Madhya Pradesh High Court

M.P.E.B. Diploma Engineers' ... vs M.P. Electricity Board Through Its ... on 23 March, 2006

Author: A.K. Shrivastava

Bench: A.K. Shrivastava

ORDER
 

 A.K. Shrivastava, J. 
 

1. By this petition under Articles 226 and 227 of the Constitution of India, the petitioners have pressed only prayer No. 2 made in the petition that the wages in between 18/10/1993 to 26/10/1993 which have been deducted on account of their participation in the agitation by the petitioners be paid to them.

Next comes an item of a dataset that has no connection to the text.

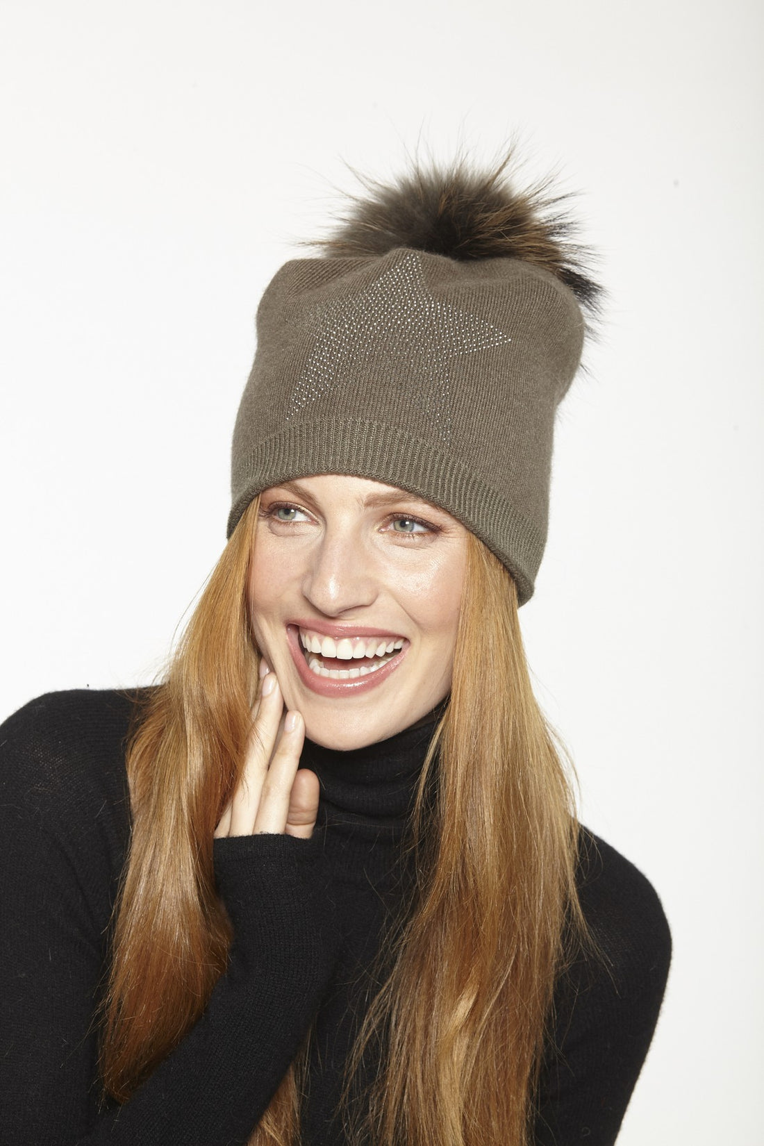 Rhinestone Star Angora/Fox Pom Hat

2. The facts are not disputed that the petitioners had undergone an agitation between 18/10/1993 to 26/10/1993. According to the petitioners, the third phase of the agitation began on 25/10/1993 when three members of the petitioners sat on 'Fast unto death'. Thereafter there was a meeting between the respondents and the members of the Negotiation Committee of petitioner No. 1 on 25/10/1993 at 10.30 a.m. The chairman persuaded the petitioners to withdraw the agitation. On this very day a copy of the minutes of the meeting dated 13/9/1993 (Annexure-P/21) was supplied to petitioner No. 1 According to the learned Counsel for the petitioners, as desired by the Chairman, petitioner No. 1 believing that some positive steps would be taken now towards fulfilment of the demand, the agitation was withdrawn in the evening of 26/10/1993. The 'Fast unto death' was also put to an end. The Chairman only insisted on withdrawal of the agitation before any talks about the solution of demands could begin. The talk virtually failed and thereafter petitioner No. 1 gave a notice on the same day for a Lightening Agitation (Annexure-P/22). The Chairman gave an assurance for an early solution of the grievances and fulfilment of the demand according to their merits. The talks continued even during the day of 26/10/1993. Petitioner No. 1 and its office bearers believing the words of the Chairman that he would take positive steps in that direction of solving the grievances, the agitation was withdrawn from the evening of 26/10/1993 including the 'Fast unto death' was also put to an end.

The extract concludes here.